The retention rate for new donors at non-profit organizations is extremely low. Recent surveys in the US have found that almost 70% of first-time donors don’t make another gift to the organization. The numbers are similar in other countries.
Many of these first-time donors give over the web, through direct mail, and as part of fundraising events, golf tournaments and other participatory fundraising events… and then, they are never heard from again. We’ve all heard how much easier it is to keep a donor than it is to find a new donor. So why aren’t most new donors to non-profits becoming lifelong givers?
Remember, these donors gave our organization money for a reason. Usually, that reason was either because they believed strongly in our mission or they knew someone who supported the non-profit and who asked them to give (perhaps by coming to an event or participating in an online fundraising campaign). Once a new donor gives, it’s up to the non-profit to turn that minimal relationship into a true long term affiliation. Here’s how.
Treat New Donors like New Customers
The smartest and most successful businesses treat new customers like gold. They know that these people represent the company’s best prospects for future business. So they send out surveys to see how the purchasing process went.
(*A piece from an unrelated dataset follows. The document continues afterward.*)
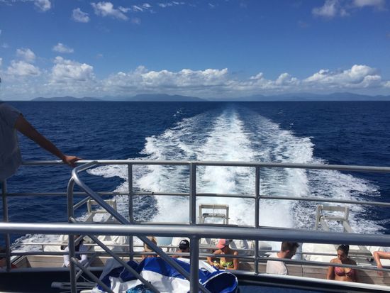クルーズに乗ってフィッツロイ島までは約50分、綺麗な景色を見ながらであっという間でした。到着してからはシュノーケリングをしたりグラスボトムボートでサンゴ礁を見に出かけたり、パドルスキーや海上トランポリンで遊んだりとあっという間に時間が過ぎました!

They send the customer newsletters, coupons and updates. When the time comes, they call or send direct mail to try to sell new products or upgrades to the consumer.
How is your non-profit treating new donors? If you’re like most organizations, you love it when a new donor makes a gift. If that gift is a small or averaged sized gift, you deposit the check, enter it into your database, send a thank you letter, and add the person to your mailing list. And that’s it.
If, on the other hand, it is a new major donor, you go all out. You call the person or company to thank them for their gift. You try to find out what made them give. You ask about setting up a meeting. Maybe your board chair mails over a copy of the annual report with a note about grabbing lunch. In short, you try to wow the donor and build a relationship.
To keep your small and mid-sized new donors giving, you have to treat them the same way. Many new donors at the $100 level could become $1,000 or $5,000 annual donors if they got serious about giving to your organization. Call them. Invite them to non-ask events. Build a relationship.
Put Donor Systems in Place
Of course, you won’t be able to spend as much time per donor personally contacting $50 donors as you can spend on $50,000 donors, so systemize the process for small and mid-level donors. Use group meetings and lunches. Send out newsletters targeted at new donors. Seek opportunities to upgrade your lower level donors.
When you get a donation from a new donor, don’t think, “Oh, nice, a $100 check. That was unexpected!” Instead, think, “Great! A $100 check. This person is one of the best prospects we have for a larger gift. What can we do to build a better relationship with them?” Ideally, you’ll have a couple of different donor cultivation systems in place that you can drop the prospect into that will help you automate the follow-up process.
Your current donors represent your best prospects for future gifts. New donors represent a huge opportunity for your organization. With focus and determination, you can see new donors for what they truly are: potential lifetime givers to your organization.